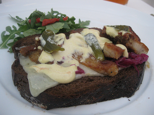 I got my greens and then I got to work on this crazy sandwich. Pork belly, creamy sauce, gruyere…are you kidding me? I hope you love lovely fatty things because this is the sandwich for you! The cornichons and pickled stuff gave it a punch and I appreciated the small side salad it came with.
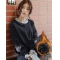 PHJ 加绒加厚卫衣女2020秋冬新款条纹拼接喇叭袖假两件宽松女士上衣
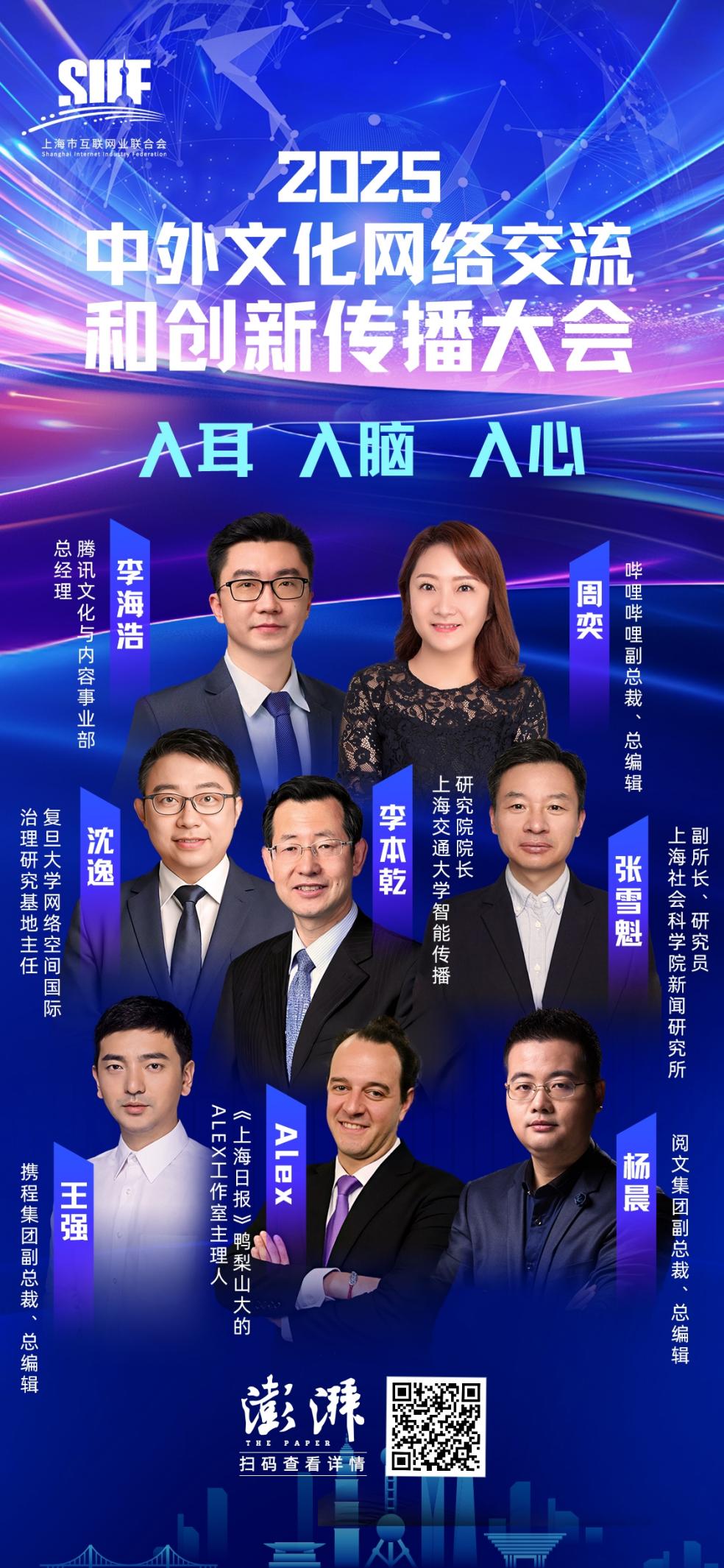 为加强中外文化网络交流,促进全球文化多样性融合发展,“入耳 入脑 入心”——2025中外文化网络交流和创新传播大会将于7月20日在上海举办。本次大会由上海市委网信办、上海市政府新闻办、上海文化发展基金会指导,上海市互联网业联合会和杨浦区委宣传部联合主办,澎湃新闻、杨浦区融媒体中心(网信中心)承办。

---

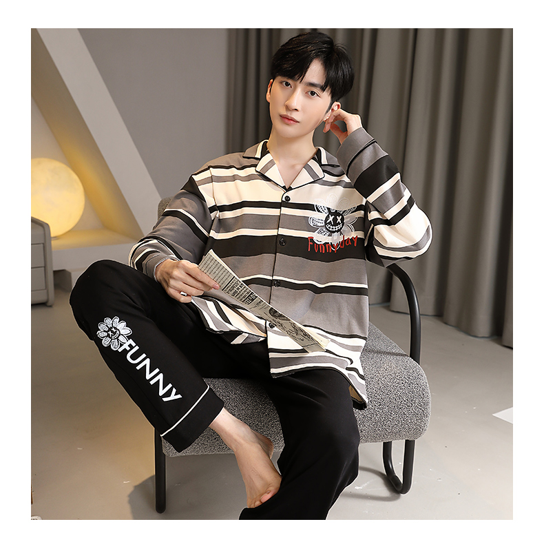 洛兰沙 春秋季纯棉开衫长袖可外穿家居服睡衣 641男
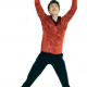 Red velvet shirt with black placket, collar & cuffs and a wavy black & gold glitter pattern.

— WORK TO COMPLETE —
What are the lines in the records above, word for word, from the one containing "洛兰沙 春秋季纯棉开衫长袖可外穿家居服睡衣 641男" through the one containing "Red velvet shirt", both ends included and pictures left out?

— ANSWER FOR THE TASK —
 洛兰沙 春秋季纯棉开衫长袖可外穿家居服睡衣 641男
 Red velvet shirt with black placket, collar & cuffs and a wavy black & gold glitter pattern.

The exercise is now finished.